Data excerpts

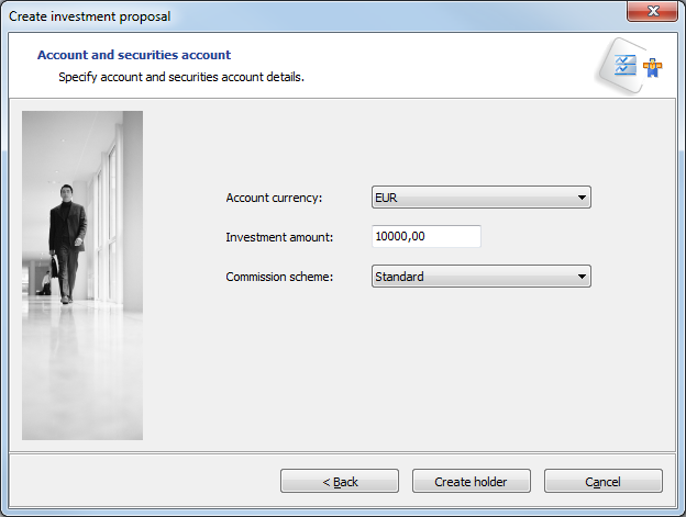 - Then click the "Next" button to switch to the next page of the wizard, where you can specify further data (account currency, investment amount and underlying commission scheme) for the account and custody account of the holder to be created.
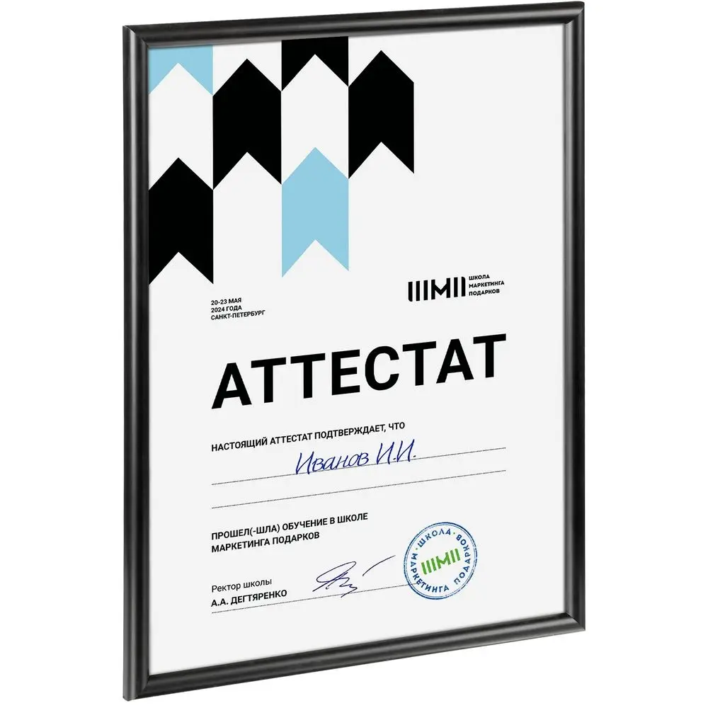 Рамка формата А3 в черном цвете прекрасно подойдет для оформления дипломов, сертификатов, грамот, лицензий или фотографий. Поставляется в термоусадочной пленке.
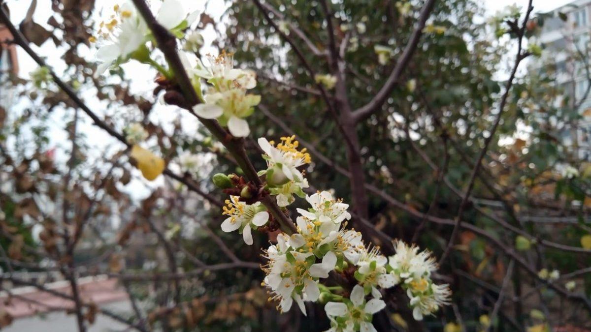 Samsun’da mevsimi şaşıran erik ağacı Aralık ayında çiçek açtı.
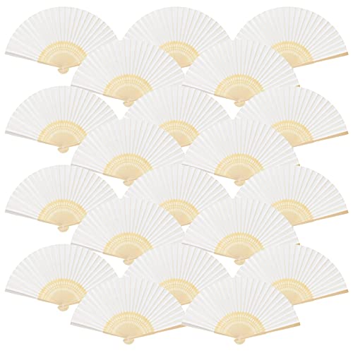 FEPITO 20 stycken vita handhållna pappersfläktar, vikbara fläktar med bambu, för bröllopspresent, fest, hem, gör-det-själv, flerfärgad
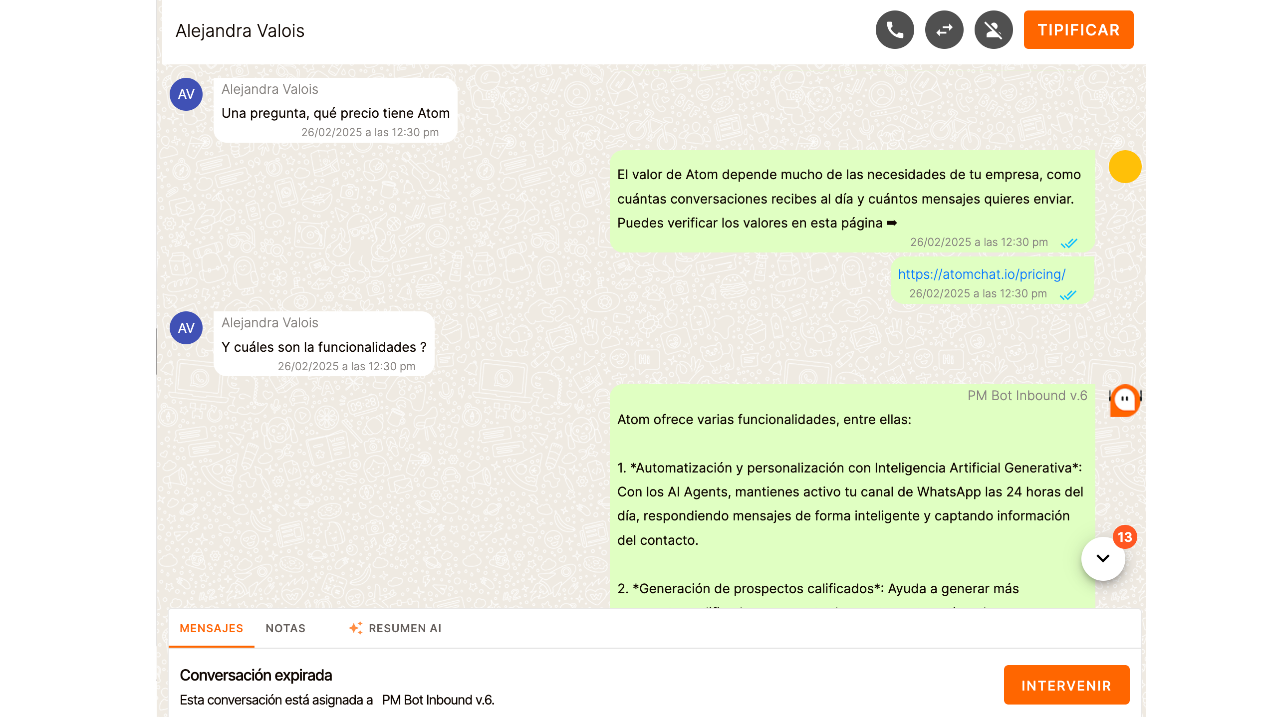 Con Atom eliminas el trabajo manual de actualizar información de tus contactos, puedes actualizar automáticamente: - La creación de contactos - Actualización de un contacto existente -Actualizar etapa del lead -Crear un deal o negocio. Así tus contactos quedan sincronizados desde la primera conversación y para siempre, eliminando el riesgo de perder oportunidades de venta.
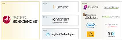 本次研讨会汇集了以Pacific Biosciencellumina的金牌赞助商,illumina公司、赛默飞世尔公司的iontorrent®、安捷伦科技的银牌赞助商以及Roche等8家银牌赞助商的参与。其中8家银牌赞助商还额外组成了一个研讨会,会议上JP摩根大会上冲出的黑马--10X Genomics再次引起了与会者的关注。
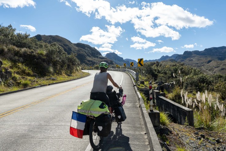 Petit tour dans Cuenca pour acheter une boule de pain (une tuerie! La boule y est passĂ©e hier au dĂźner! On s’en souviendra longtemps de cette mie si onctueuse)… mais les Cuencanos ne sont pas trĂšs matinaux! Tant pis pour nous. Alors direction l’Ouest maintenant. Nous suivons le Rio Tomebamba par les pistes cyclables. C’est trĂšs agrĂ©able de passer la ville comme ça, sauf que la piste est Ă contre sens sur la fil de gauche des voitures et qu’Ă chaque carrefour ou rond point, on doit descendre des vĂ©los pour traverser sur la voie des voitures Ă droite… La sortie de la ville se fait Ă cĂŽtĂ© de la piste du tramway jusqu’au « pĂ©riphĂ©rique » que nous traversons. Une piste cyclable nous est encore dĂ©diĂ© mais sur le trottoir. Le seul hic? A chaque rue, nous devons descendre du trottoir comme des piĂ©tons avec une sacrĂ©e marche aussi! Aie pour les vĂ©los. Quel choc Ă chaque descente et montĂ©e…. alors on finit sur la route. Au moins les voitures qui tournent nous voient et nous Ă©pargnons nos fessiers! Les pavĂ©s disparaissent, les immeubles sont remplacĂ©s par les maisons, et les magasins sont plus rares. Heureusement, nous captons une boulangerie juste avant la sortie urbaine et le dĂ©nivelĂ©.
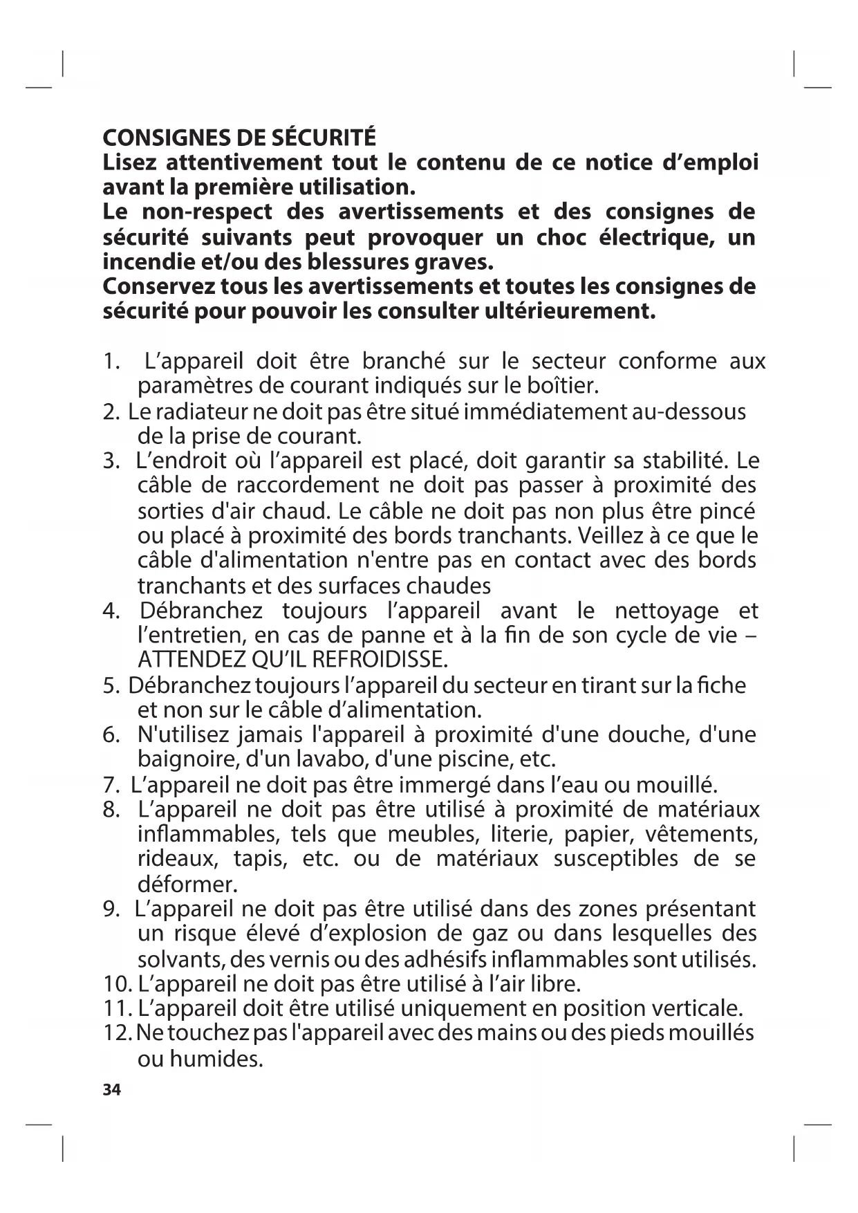 30. Le radiateur ne doit pas être utilisé dans une pièce dont la
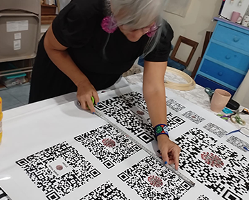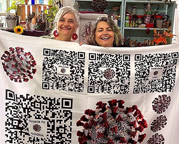 La diferencia de un solo fonema intercambiable en la palabra en español (R y D) señala implícitamente la precariedad semántica atribuida, un intercambio extendible a acrónimos vinculados con el virus y la pandemia misma: R de ácido Ribonucleico, D también de “Disease” en la asignación en inglés adoptada globalmente: COVID; ARN y/o ADN forman parte asimismo del código genético tanto de humanos como de los virus. “Bordar”, “to weave”, implica además la conexión entre tejido y texto, en una larga tradición que involucra tejido, palabra, y memoria, y que también se asocia con la mujer como tejedora, esto es, como creadora de urdimbre, trama y tejidos, y archivadora de la memoria colectiva. De idéntica raíz etimológica, el verbo en latín “texere” (Textile).
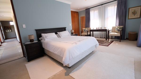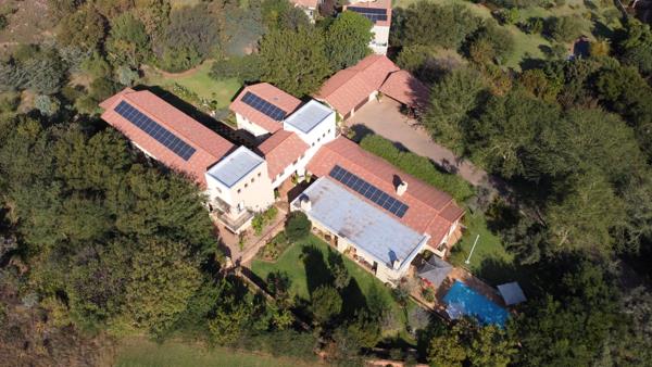 Sustainability is seamlessly integrated into the property with purifying tanks, borehole water, and Jojo tanks for efficient water management, complemented by a beautifully landscaped garden with meandering paths, bee boxes contributing to biodiversity, and automated irrigation for effortless maintenance. With three automated garages and four covered carports, parking is never a concern, offering ample space for vehicles and storage.
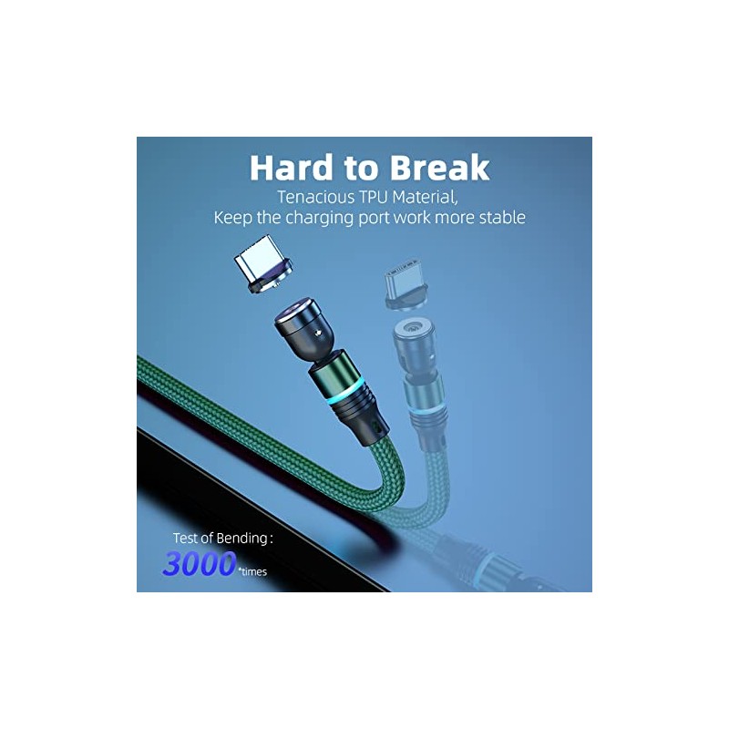 - 【540°Rotation Design】The upgrade magnetic charging cable allows magnet tip to rotate 360° and charging head to bend 180°, this convenient design allow you to find the right angle for every charging occasion, even if you twist the cable can also be charged normally.

• _WHAT THIS TASK INVOLVES_
Every record above must be repeated exactly, with the pictures dropped.

• _TASK RESPONSE_
 - Then click the "Next" button to switch to the next page of the wizard, where you can specify further data (account currency, investment amount and underlying commission scheme) for the account and custody account of the holder to be created.
 Рамка формата А3 в черном цвете прекрасно подойдет для оформления дипломов, сертификатов, грамот, лицензий или фотографий. Поставляется в термоусадочной пленке.
 Samsun’da mevsimi şaşıran erik ağacı Aralık ayında çiçek açtı.
 FEPITO 20 stycken vita handhållna pappersfläktar, vikbara fläktar med bambu, för bröllopspresent, fest, hem, gör-det-själv, flerfärgad
 Con Atom eliminas el trabajo manual de actualizar información de tus contactos, puedes actualizar automáticamente: - La creación de contactos - Actualización de un contacto existente -Actualizar etapa del lead -Crear un deal o negocio. Así tus contactos quedan sincronizados desde la primera conversación y para siempre, eliminando el riesgo de perder oportunidades de venta.
 本次研讨会汇集了以Pacific Biosciencellumina的金牌赞助商,illumina公司、赛默飞世尔公司的iontorrent®、安捷伦科技的银牌赞助商以及Roche等8家银牌赞助商的参与。其中8家银牌赞助商还额外组成了一个研讨会,会议上JP摩根大会上冲出的黑马--10X Genomics再次引起了与会者的关注。
 Petit tour dans Cuenca pour acheter une boule de pain (une tuerie! La boule y est passĂ©e hier au dĂźner! On s’en souviendra longtemps de cette mie si onctueuse)… mais les Cuencanos ne sont pas trĂšs matinaux! Tant pis pour nous. Alors direction l’Ouest maintenant. Nous suivons le Rio Tomebamba par les pistes cyclables. C’est trĂšs agrĂ©able de passer la ville comme ça, sauf que la piste est Ă contre sens sur la fil de gauche des voitures et qu’Ă chaque carrefour ou rond point, on doit descendre des vĂ©los pour traverser sur la voie des voitures Ă droite… La sortie de la ville se fait Ă cĂŽtĂ© de la piste du tramway jusqu’au « pĂ©riphĂ©rique » que nous traversons. Une piste cyclable nous est encore dĂ©diĂ© mais sur le trottoir. Le seul hic? A chaque rue, nous devons descendre du trottoir comme des piĂ©tons avec une sacrĂ©e marche aussi! Aie pour les vĂ©los. Quel choc Ă chaque descente et montĂ©e…. alors on finit sur la route. Au moins les voitures qui tournent nous voient et nous Ă©pargnons nos fessiers! Les pavĂ©s disparaissent, les immeubles sont remplacĂ©s par les maisons, et les magasins sont plus rares. Heureusement, nous captons une boulangerie juste avant la sortie urbaine et le dĂ©nivelĂ©.
 30. Le radiateur ne doit pas être utilisé dans une pièce dont la
 La diferencia de un solo fonema intercambiable en la palabra en español (R y D) señala implícitamente la precariedad semántica atribuida, un intercambio extendible a acrónimos vinculados con el virus y la pandemia misma: R de ácido Ribonucleico, D también de “Disease” en la asignación en inglés adoptada globalmente: COVID; ARN y/o ADN forman parte asimismo del código genético tanto de humanos como de los virus. “Bordar”, “to weave”, implica además la conexión entre tejido y texto, en una larga tradición que involucra tejido, palabra, y memoria, y que también se asocia con la mujer como tejedora, esto es, como creadora de urdimbre, trama y tejidos, y archivadora de la memoria colectiva. De idéntica raíz etimológica, el verbo en latín “texere” (Textile).
 Sustainability is seamlessly integrated into the property with purifying tanks, borehole water, and Jojo tanks for efficient water management, complemented by a beautifully landscaped garden with meandering paths, bee boxes contributing to biodiversity, and automated irrigation for effortless maintenance. With three automated garages and four covered carports, parking is never a concern, offering ample space for vehicles and storage.
 - 【540°Rotation Design】The upgrade magnetic charging cable allows magnet tip to rotate 360° and charging head to bend 180°, this convenient design allow you to find the right angle for every charging occasion, even if you twist the cable can also be charged normally.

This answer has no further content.